The Lawless Heart

The Lawless Heart

Offering a low-key, gently observational take on the scrambled chronologies of films inspired by Pulp Fiction, The Lawless Heart crisscrosses through time to tell three overlapping, interconnected stories that begin at a funeral, intersect at designated gatherings, and dovetail at the end. In the first, a melancholy husband and father (Bill Nighy) drifting aimlessly toward a midlife crisis is roused from his apathy by a flirtatious French florist who seems to offer at least a temporary escape from his humdrum existence. In the second, a brash free spirit (Sukie Smith) and a gay restaurant owner mourning his partner's death strike up an unlikely friendship that briefly becomes sexual, more out of mutual loneliness than desire. In the third and weakest story, a gregarious slacker (Douglas Henshall) returns to his hometown and begins a love affair that becomes complicated by his partner's tangled romantic history. The death of the restaurant owner's boyfriend unites the film's passive protagonists, as does the question of who will receive his money.

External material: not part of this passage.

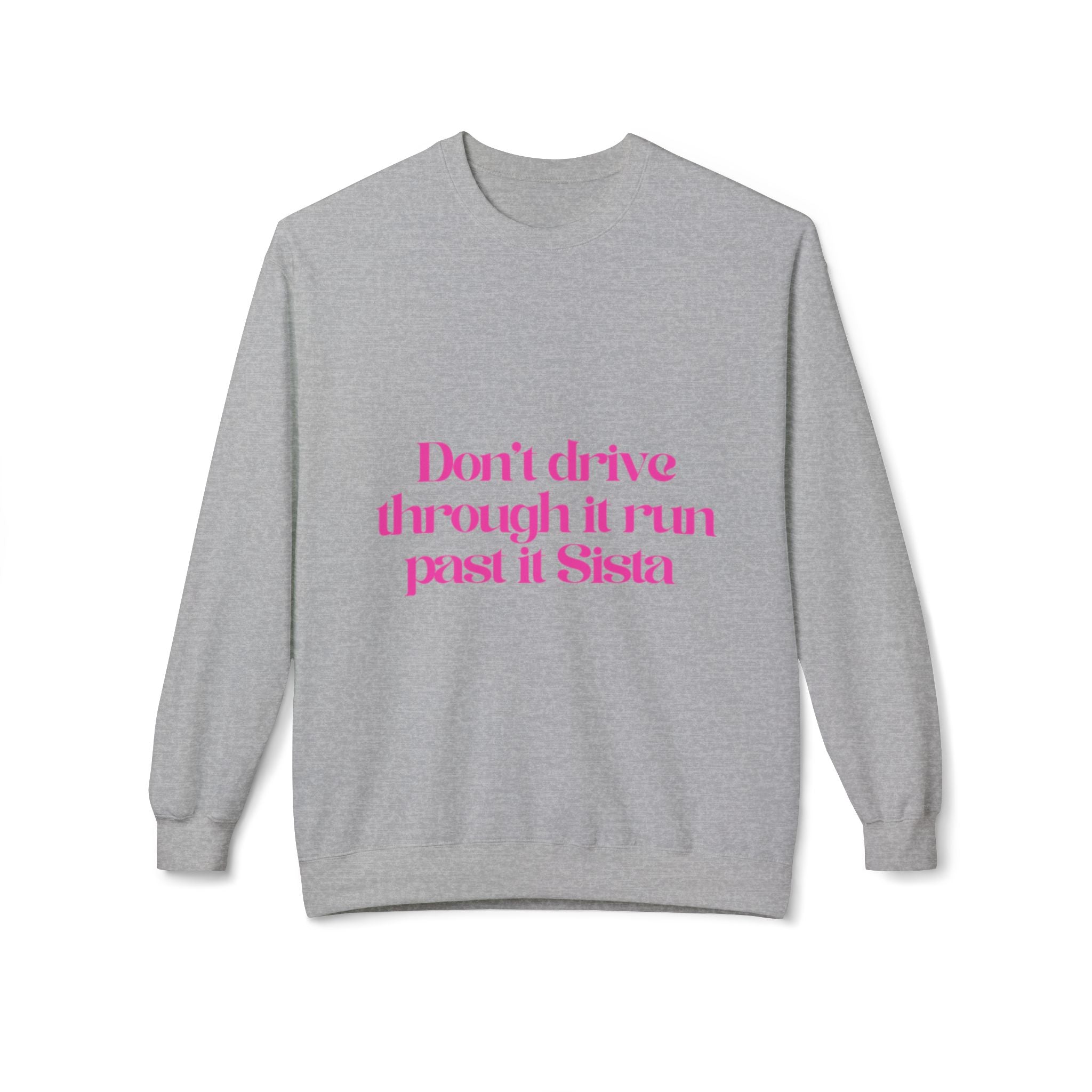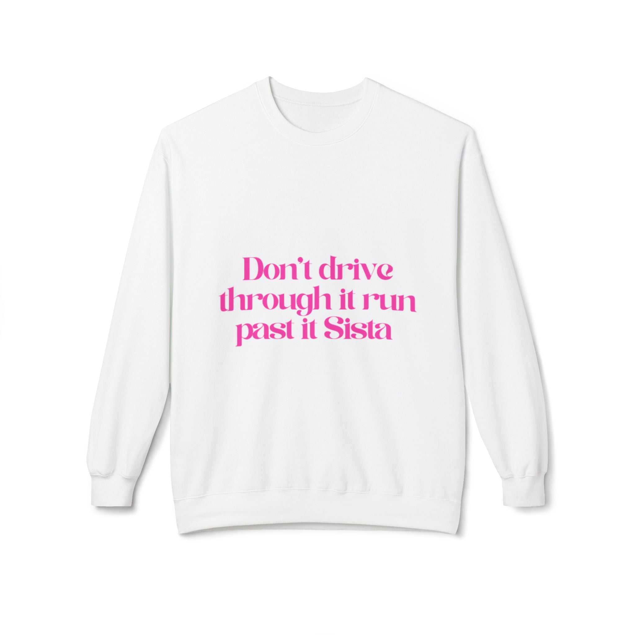Crewneck Sweatshirt — "Don't drive through it run past it Sista" Pink Script

In many post-Tarantino time-benders, gratuitous chronological hijinks serve as a gimmicky attempt to divert attention from one-dimensional characters, grating banter, empty style, and convoluted plots. Thankfully, that's not the case here; writer-directors Tom Hunsinger and Neil Hunter use structural shenanigans as mere window dressing for a film distinguished by character development, subtlety, a gift for telling detail, and a wry, understated sense of humor. Only the third storyline starts to feel strained. Hunsinger and Hunter don't have the time or space to flesh out a convincing love triangle, so they resort to shortcuts like a getting-acquainted montage that strikes one of The Lawless Heart's rare false notes–another of which involves its misleading name. Its protagonists' hearts aren't lawless so much as stuck in various states of quiet desperation, and the modest charms of this observant, affecting film fortunately bear little relation to the sensationalistic label.